Responsabilizar e formar pode ser
a chave para se criarem comunidades católicas maiores e mais empenhadas no
futuro.
Processos de nulidade e preparação para o matrimónio
Associado às questões dos divorciados, surge hoje a necessidade de agilizar os processos de nulidade, que visam perceber se a união assumida pelo casal no momento do matrimónio existiu ou não.
O presidente do Tribunal
eclesiástico de Lisboa, Pe. Ricardo Ferreira, admite que se possa «abdicar da
confirmação do segundo tribunal na generalidade dos casos, e guardar essa opção
apenas para quem decida recorrer da sentença preferida pelo tribunal
eclesiástico de primeira instância», o que significaria uma diminuição do tempo
necessário para o processo que já foi bastante diminuído com o aumento dos
recursos humanos nos tribunais). Também a nível dos custos é possível já hoje
que estes sejam diminuídos ou anulados no caso de dificuldades financeiras, o
que facilitará o acesso de mais pessoas aos mesmos.

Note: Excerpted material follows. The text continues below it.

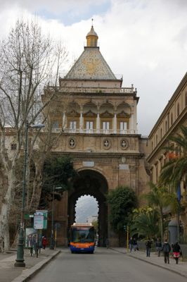 De structuur markeert de ingang van de Cassaro, de oudste straat van Palermo, die het Normandische Paleis verbindt met het Kathedraalgebied.
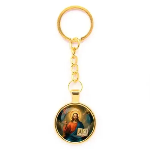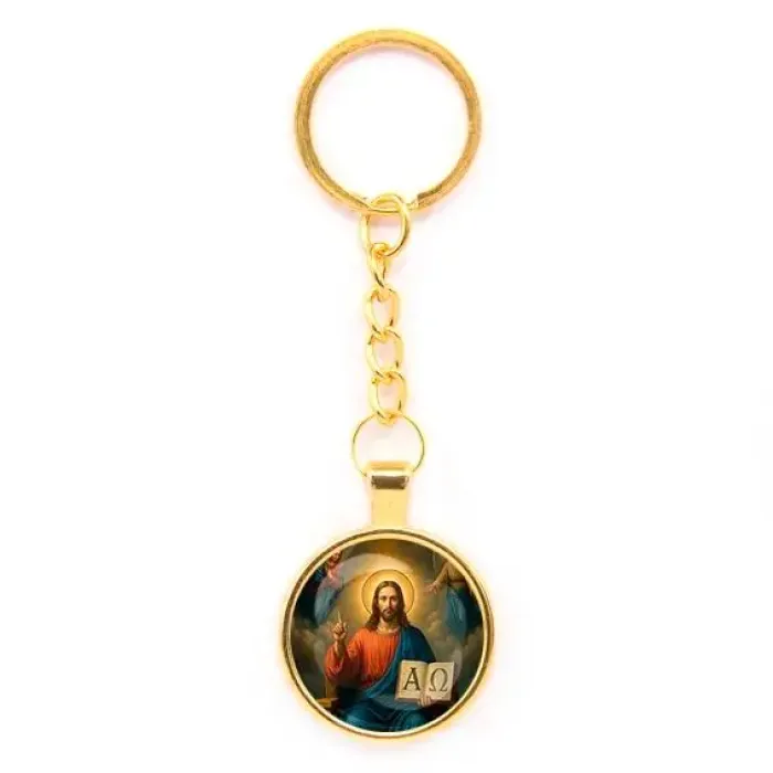 Круглый брелок, цвет золото, с цепочкой, Альфа и омега C1112020

Juntamente com a questão da
nulidade, está a questão da preparação para o matrimónio. Muitos dos casamentos
hoje são nulos por falta de maturidade dos noivos no momento da celebração, e
isso é culpa, em grande parte, da fraca formação que é dada a esses noivos. Os
cursos de preparação para o matrimónio não chegam a toda a gente, e os
sacerdotes não se negam a casar ninguém, mesmo que vejam claramente que não
estão preparados ou conscientes do que vão fazer. Isso pode mudar se a Igreja
apostar de forma mais clara na obrigatoriedade da formação dos noivos e tiver
uma postura mais firme na decisão de celebrar ou não certos matrimónios.
Diminuirá o número de casamentos, mas também o número de divórcios e situações
dolorosas para as pessoas envolvidas.
Novos conceitos de família
Filhos de pais separados, adultos
em situação irregular que prestam serviço na paróquia, uniões de facto,
casamento homossexual, adoção homossexual… são várias as matérias que provocam
uma mudança no panorama familiar da sociedade contemporânea. A existência
destes modelos e o que é possível fazer para os acolher dentro da doutrina da
Igreja será certamente um dos temas a debater no sínodo. O Papa já mostrou
estar aberto e disponível para acolher todos na Igreja, mas também não se
mostrou disponível para mudar a doutrina da Igreja para que isso aconteça.
Partirá das pessoas compreender o que se espera de um católico, e da Igreja
entender que a realidade mudou e que há que fazer novo entendimento de coisas
que poderiam não ser admissíveis em tempos. Sem colocar a doutrina em causa,
não se anteveem soluções fáceis, nomeadamente no caso das uniões homossexuais.